Question: Overlapping treatments in the design matrix
0
3.8 years ago by
jhj8910
jhj8910 wrote:

Hi,

I am trying to create another design matrix with 4 groups in mind:

1. DiseaseA+DiseaseB, 2. DiseaseA, 3. DiseaseB, 4. Control.

I could create appropriate design matrix to basically perform several analyses of interest such as finding differentially expressed genes between any two groups, However, what I want to find is the genes that are differentially expressed between Disease A and Disease B, but I would like to incorporate DiseaseA+DiseaseB group into this comparison. I have tried various ways such as incorporating a table such as below into creating a design matrix:

DiseaseA     |     DiseaseB

1         |           1

1         |           0

0         |           1

0         |           0

but it is not doing what I thought it would do. Any suggestions will be very helpful.

Thank you.

edger design matrix • 577 views
modified 3.8 years ago by Aaron Lun25k • written 3.8 years ago by jhj8910
Answer: Overlapping treatments in the design matrix
3
3.8 years ago by
Aaron Lun25k
Cambridge, United Kingdom
Aaron Lun25k wrote:

Well, you need to make up your mind as to what you want to do. If you want to compare between any two groups, then use a one-way layout where each disease status (control, disease A only, B only, or A + B) forms its own group. As an example, here's how I would do it if the target information were present in has.A and has.B:

has.A <- rep(c("Y", "N"), each=4)
has.B <- rep(rep(c("Y", "N"), each=2), 2)
groups <- factor(paste0("A", has.A, ".B", has.B))
design <- model.matrix(~0 + groups)
colnames(design) <- levels(groups)


You can then compare between any set of groups, e.g., between disease A and B using makeContrasts:

con <- makeContrasts(AY.BN - AN.BY, levels=design)

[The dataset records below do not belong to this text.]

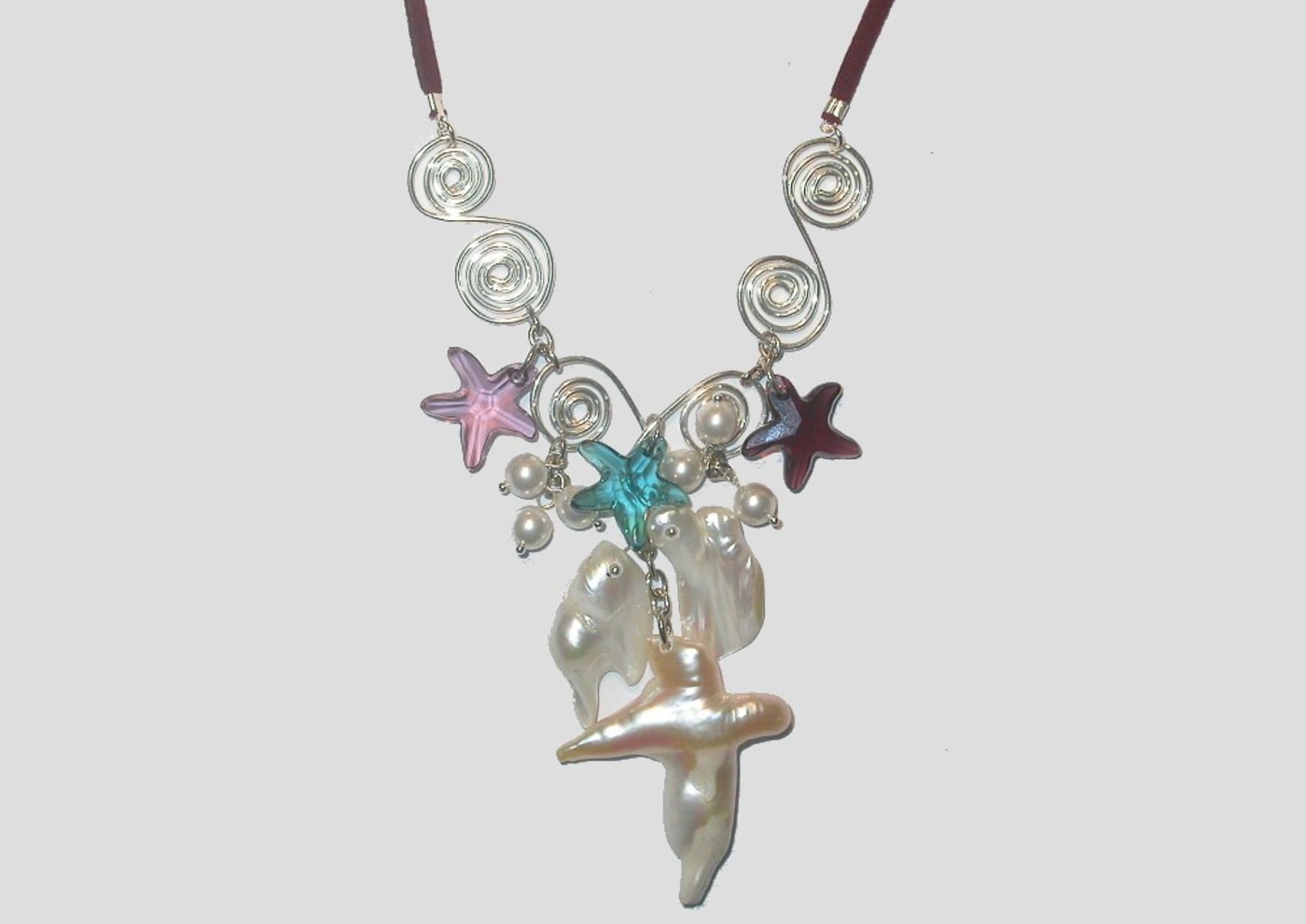 Crystal / Freshwater Sea Necklace. Necklace has a combination of Swarovski crystal starfish, crystal pearls, non tarnish wire, freshwater pearls and suede.
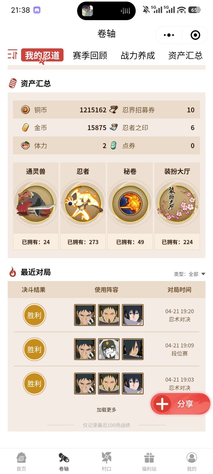 但对于现在快节奏时代而言,大家可以入坑只攒金币出忍者,只玩决斗场就行,总的而言,大家结合自己的情况选出一个适合自己的玩法。
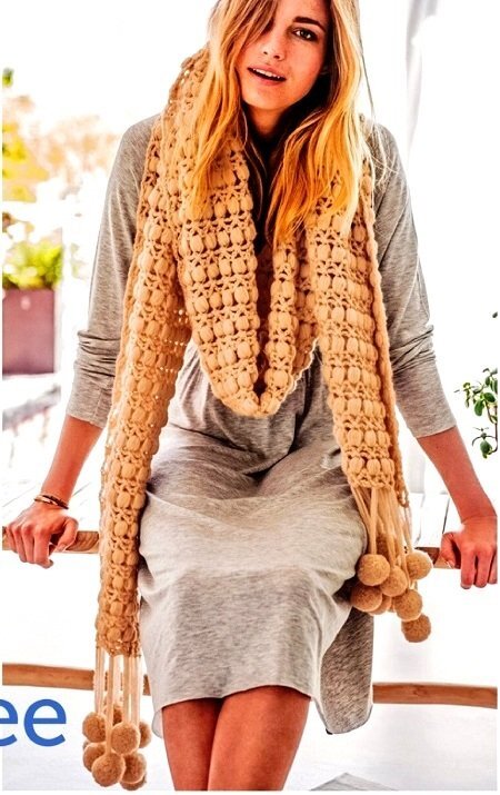 В первую очередь нужно определиться что называть палантином? Принято считать что палантин это прямоугольная накидка. Во многом вязаный палантин похож на шарф, но в отличии от шарфа палантин носится на плечах. И именно в форме отличие палантина от шали и шарфа. Представляю вашему вниманию подборку шарфов и палантинов со схемами: Шарф с узором пышными шишечками Палантин крючком с ажурными дорожками и косами Летний шарфик крючком Описание вязания шарфа крючком: Для начала вязания шарфа наберите цепочку из возд. п., длиной равной желаемой длине шарфа. При наборе петель учтите, что раппорт узора составляет 30 +5 возд. п. Для начала вязания первого ряда шарфика, поверните работу и сделайте 3 возд.п. подъема, далее вяжите 4 ст. с/2н и наберите цепочку из 25 возд. п., которую присоедините по ряду пропустив 25 петель. Повторяйте узор шарфика: выполните 5 ст. с/2н и 25 возд.п., закончите ряд 5-ю ст с/2н. Для второго ряда работу поверните и повторяйте действия предыдущего ряда, так образуютс
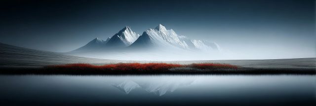 As dawn breaks, the gentle hues of morning light kiss the towering, snow-capped mountains, creating a breathtaking contrast against the serene blue sky. Below these majestic peaks, an endless meadow, drenched in the remnants of nighttime, sprawls vividly. The eye is irresistibly drawn to the vibrant red mosses painting the waterlogged earth, a stark enclave of autumn amidst a subdued palette of fading greens. This panoramic vista is mirrored perfectly in the still waters, offering a double spectacle of raw, untouched natural beauty. The ethereal quality of the light, combined with the crisp mountain air, infuses the scene with a sense of peace and solitude. This photograph, with its meticulous composition and stunning depth, transports the observer into a realm where the elegant dance of seasons unfolds with graceful transitions. Each element, from the finely textured peaks to the richly colored flora, is captured with a clarity that only high-resolution photography can provide. The shallow depth of field focuses our attention, making the distant mountains appear almost within reach, yet ethereally isolated from the world’s tumult. This is not just an image; it is an invitation to bask in the quiet majesty of nature’s artistry, a reminder of the serene moments that lie in wait when we pause to look.
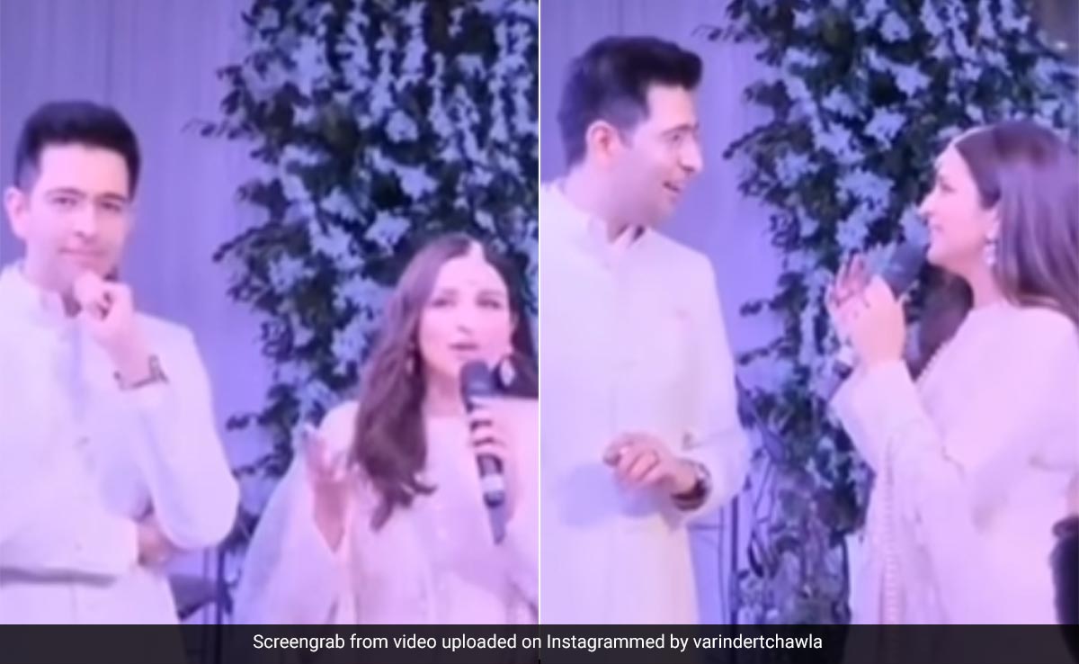 वीडियो में सिंगर मीका सिंह कपल को स्टेज पर ले जाते हुए दिख रहे हैं. राघव की ओर इशारा करते हुए, परिणीति ने अपने परिवार से पूछती हैं, "हुन ठीक है?" चोपड़ा परिवार जोर से हां में जवाब देते हैं. इसके बाद परिणीति अपने ससुराल चड्ढा फैमिली को कहती हैं. "अब चड्ढा, क्या आप मंजूर करते हैं?" परिवार भी खुशी के साथ जवाब देता है. इस बातचीत में राघव चड्ढा शर्माते हुए नजर आते हैं. वहीं परिणीति को यह कहकर चिढ़ाया जाता है कि चड्ढा की आवाज ज्यादा तेज थी, जिस पर परिणीति अपनी फैमिली को जोर से चिल्लाने के लिए कहती हैं. इतना ही नहीं आगे वीडियो में मीका मेरा लौंग गवाचा गाते हैं, जिसमें एक्ट्रेस भी साथ देती हुई दिखती हैं.
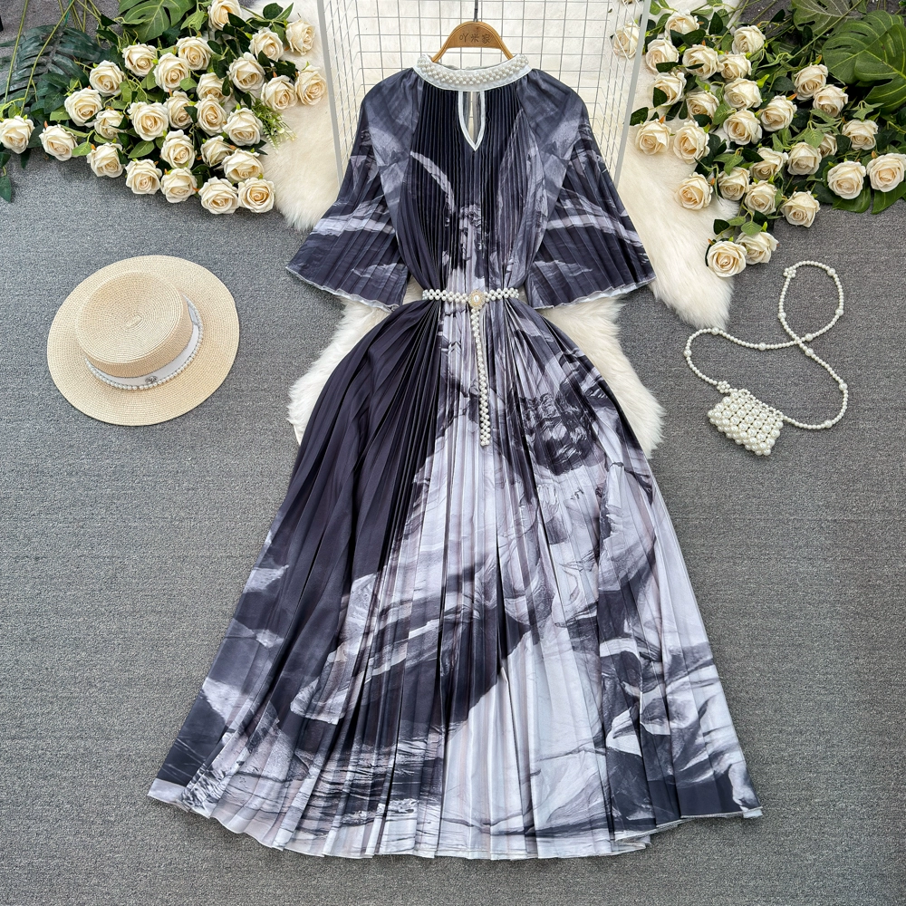 | nameOriginal | Light luxury fashionable beaded gradient dress short sleeves |
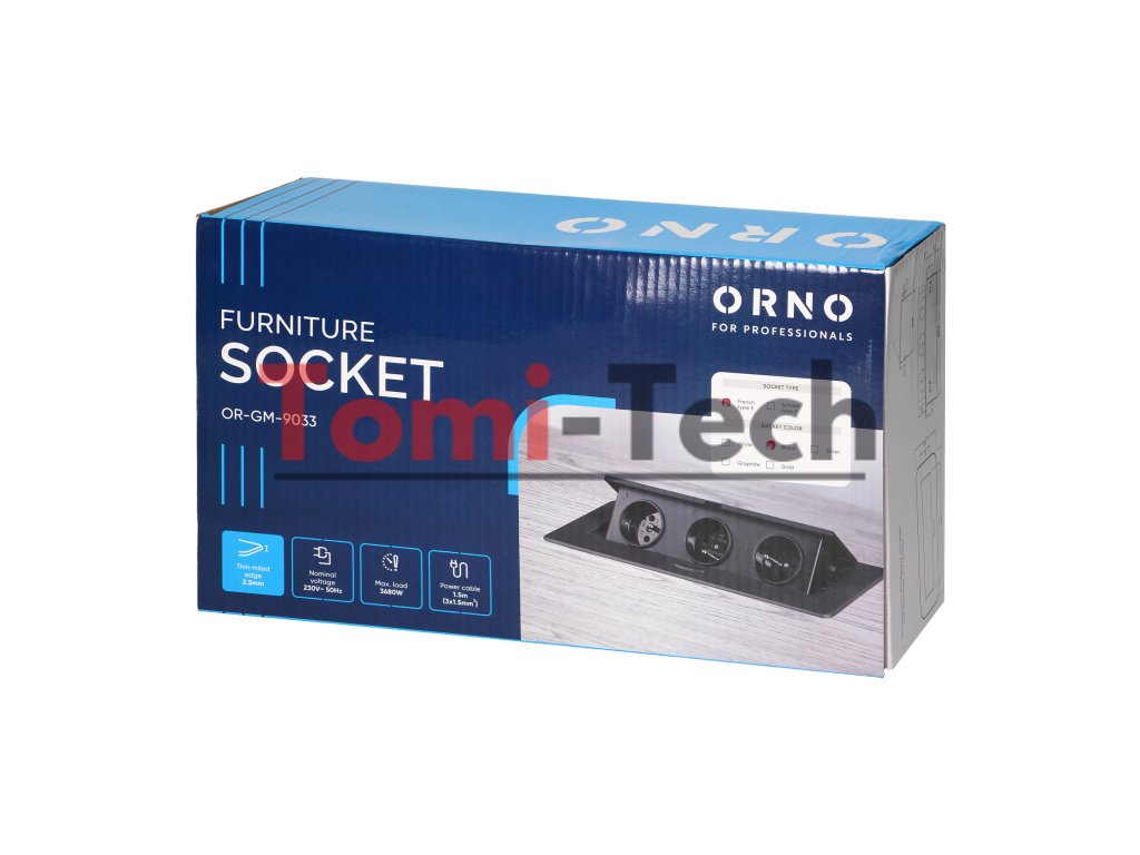 Nábytková zásuvka zapustená do pracovnej dosky s plochým frézovaným okrajom a 1,5 m káblom, 3x2P+Z, čiernaDodatočné parametre
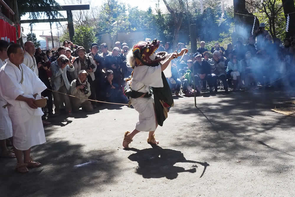 剣の舞が終るといよいよ湯立の行事に入ることとなるが、ここで神楽は一時中止となり、「禊(みそぎ)」の行に移る。

If you want to use the A + B information in the comparison between A and B, then you need an additive model:

design <- model.matrix(~ has.A + has.B)
con <- makeContrasts(has.AY - has.BY, levels=design)

However, this assumes that the effects of A and B are additive in the group with both diseases. One can easily imagine that this will not be the case in reality, e.g., due to epistatic effects or other interactions between the disease states. If the assumption is violated, you will probably get a decrease in power because the dispersion estimate gets inflated by the poor fit. This may end up being more damaging than just leaving the A + B samples out of the comparison in the first place.

In short, I would go for the one-way layout. It's more flexible in terms of the comparisons you want to do, and also in terms of avoiding the additivity assumptions in the other model. That said, I hope the design matrix in your original post is just an example, and that you actually have replicates within each group, otherwise you'll end up with other problems.

Yes the above is just an example. And yes, your point about them not merely being additive is valid. I will keep that in mind.

Hi Aaron,

Might be a very dumb question but what happens if I have a design matrix such that:

design <- model.matrix(~0+has.A+has.B)

and make a contrast:

con <- makeContrasts(has.AY - has.BY, levels = design)?

The reason I'm asking is if we have a design matrix like (design <- model.matrix(~ has.A + has.B)), I'm not entirely sure what the Intercept term refers to; does it refer to the baseline - has.AN and has.BN. It's slightly confusing to me.

Thanks.

The intercept represents to the average expression of the control group. If you make the design matrix without an intercept, the first column has.AN represents to the average expression of the control; the second column has.AY represents to the average represents the average expression of the A-only group; and the third column has.BY represents the additive effect of B over the control/over the A-only group. I don't think the contrast you've specified above will make any sense, though, because you're asking for whether the expression in the A-only group is equal to the log-fold change of B.

Hi Aaron,

I have one more question regarding the design matrix above. I'm wondering whether the comparison:

design <- model.matrix(~ has.A + has.B)
con <- makeContrasts(has.AY - has.BY, levels=design)

is merely diseaseA VS disease B or is [diseaseA - control] VS [diseaseB - control]. If it is the former, how do I go about doing the latter comparison? Again, thank you for your time in answering the questions.

It's the latter. Each has.XY coefficient represents the effect of disease X over control.